Integrating with GCC is pretty awesome. So far I regret not jumping in earlier. I was reluctant to do so as everyone I’ve talked to (other than Tom Tromey) claimed that GCC is ridiculously complicated and impossible to do stuff with. In fact academic people are so scared of GCC that they tend to opt to go with commercial frontends that have ridiculus licensing terms and make it impossible to release their work to general public.

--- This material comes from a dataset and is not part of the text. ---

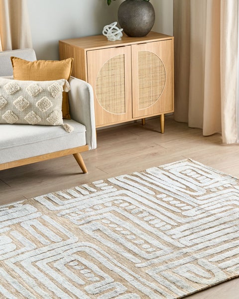 Rechteckiger Teppich mit modernem Design. Dieser beigefarbene Teppich ist ein stilvolles Designerstück für moderne Wohnräume, die sowohl Komfort als auch Stil vermitteln. Mit seinem strukturierten, geometrischen Muster strahlt er eine schlichte, aber charmante Ausstrahlung aus, die sich leicht in verschiedene Einrichtungsstile einfügen lässt. Dank seiner lockeren, gemütlichen Note verleiht er jedem Raum eine ungezwungene Eleganz. Details: Typ Kurzflor. Farbe: Beige. Farbton: Hellgrau. Material: Stoff. Material: Wolle. Rückseitenmaterial: Baumwolle. Zusammenstellung: 100% Polyester. Form: Rechteckig. Rutschfeste Unterseite: Ja. Stoffgewicht: 2600 g/m2. Muster: Streifenmuster. Abmessungen: Florhöhe: 1.5 cm. Breite: 160 cm. Länge: 230 cm. Gewicht: 10 kg. .Sie kaufen: 1 x Teppich. Produktvorteile: Geeignet für Fussbodenheizung, Besonders sicher dank rutschfester Unterseite, Minimalistischer, skandinavischer Stil, Erzeugt Wohlfühlcharakter in jedem Raum, Wunderbar geeignet für Schlaf- und Wohnbereich, Hohe Qualität. Montage: Benötigt keine Montage. Zusatzinformationen: Der Artikel könnte Haare verlieren. Dies ist ein normaler Vorgang und stellt keinen Qualitätsmangel des Produkts dar. Der Artikel benötigt einige Zeit, bis er seinen ursprünglichen Zustand erreicht hat – daher sollte er so schnell wie möglich ausgerollt werden und innerhalb von 72 Stunden seine vollständige Größe wieder erreichen. Für einen optimalen Effekt sollte man die Teppichkanten mit schweren Gegenständen fixieren. Pflegeanleitung: 1.Staubsaugen einmal pro Woche ist ausreichend, um den Teppich sauber und gepflegt zu halten. Wir empfehlen dazu einen Staubsauger mit flacher, weicher Bürste und die Einstellung von mittlerer Saugleistung. Saugen Sie Ihren Teppich immer in Florrichtung ab. 2.Soweit das Format dies zulässt, drehen Sie den Teppich alle sechs Monate um 180 Grad. So erhalten sie eine gleichmäßige Abnutzung und vermeiden Sie Verbleichen der Farben durch Sonneneinstrahlung. 3.Entfernen Sie Flecken umgehend. Flüssigkeiten werden mit einem saugfähigen, nicht färbenden Baumwolltuch aufgenommen. Arbeiten Sie vom Rand nach innen und verreiben Sie den Fleck nicht. 4.Bei festem Schmutz können Sie die losen Schmutzteile vorsichtig abkratzen. Danach wird die Stelle mit klarem, lauwarmem Wasser abgetupft. Benutzen Sie dazu ein sauberes nicht färbendes Baumwolltuch sowie einen Fleckentferner speziell für Teppiche. Bitte befeuchten Sie den Teppich dabei nicht zu stark. Falls der Fleck hartnäckig sein sollte, wenden Sie sich bitte an ein Fachgeschäft für Teppichreinigungen. 5.Es wird empfohlen den ausgepackten Teppich mindestens ein paar Stunden (am besten ein oder zwei Tage) zu lüften. Dies ermöglicht den natürlichen Geruch des Materials, aus dem das Produkt gefertigt wurde, zu mildern.

GCC internals are pretty crazy since everything is done with macros and the AST is dynamically typed so it’s fairly painful to figure out seemingly simple things like “what AST nodes does this AST node contain”. Additionally, GCC loves rewriting AST nodes inplace as the compilation progresses which sucks when one wants to analyze the AST while it looks as close as possible to the source. GCC parser also sucks to work with as it is implemented as a C code hodge-podge (technical term which applies to much code in GCC). Luckily, I am mainly concerned with poking at data that’s already in GCC.

The upside is that GCC is a well-tested production compiler that most source compiles with. Integrating with GCC means that the AST is correct (Elsa is a frontend so there is no way of knowing if AST has mistakes in it) . Integration also means that the user doesn’t have to worry about making preprocessed files and maintain obsolete versions of GCC or old GCC headers. Unlike Elsa, GCC already has useful features like typedef tracking and doesn’t implement location tracking with a stupid programming trick. Additionally, I hope to reuse computations from from middle-end GCC passes to build my control flow graph, do value numbering and other useful, but tricky to implement stuff.

GCC isn’t scary at all, it’s just another way of implementing a compiler. Some people elect to have more pain in life by electing to reinvent ML in C++ instead of using ML for compiler writing,  others get their pain dosage from working on a C compiler originally generated from LISP sources.

Lastly, I’d like to thank patient gcc hackers in #gcc without whom I wouldn’t stand a chance in figuring out how to get this far.